Where there is despair, hope.

Where there is darkness, light.

Where there is sadness, joy.

 

O Divine Master, grant that I may not so much seek to be consoled as to console.


To be understood as to understand; 


To be loved as to love.

For it is in giving that we receive.


It is in pardoning that we are pardoned.


And it is in dying that we are born to eternal life.


 

 

 

 

Colony Collapse Disorder (CCD)

 

CCD is a phenomenon that is affecting beehives all over the world.  The quote below is the official definition from the United States Fish and Wildlife Service’s website, FWS.gov

 

Colony Collapse Disorder (CCD) is the name given to the current ailment striking honey bee colonies in the United States.  In affected colonies, the worker bees leave the hive and never return, leaving only the egg-laying queen, brood and a few attendants. There are a variety of theories as to what is causing the collapse of honeybee colonies, including: stress leading to a weakened immune system, varroa mites (a parasite known to attack honey bees), a pathogen (such as a virus, bacteria or fungus), stress from the movement of colonies, and/or sublethal effects of pesticides.   Sublethal means it does not cause death.  The U.S. Department of Agriculture Agricultural Research Service is collaborating with several universities to determine the cause of Colony Collapse Disorder as part of the Colony Collapse Disorder Working Group.

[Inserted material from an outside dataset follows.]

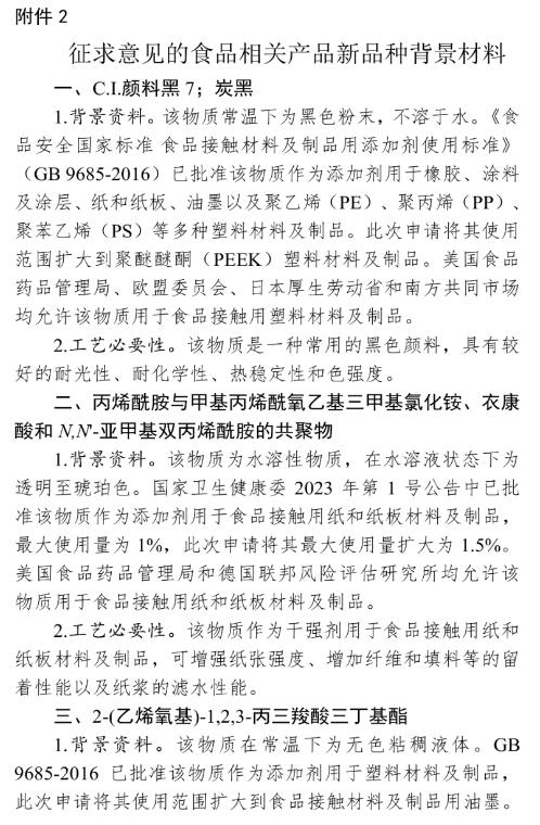根据《食品相关产品新品种行政许可管理规定》和《食品相关产品新品种申报与受理规定》要求,C.I.颜料黑7等5种食品相关产品新品种已通过专家评审委员会技术评审。现对外公开征求意见,相关利益者可于2023年5月24日前将书面意见反馈至国家食品安全风险评估中心。

                                                   *                                    *                                    *                                                   

In addition to the important role of pollinators in human food production, pollinators are also important to wildlife – an estimated 25% of birds and mammals rely heavily on fruit and seeds as part of their diet.

The Internet is filled with websites that have information and updates on CCD.  Please visit your favorite search engine to find out more about this devastating condition.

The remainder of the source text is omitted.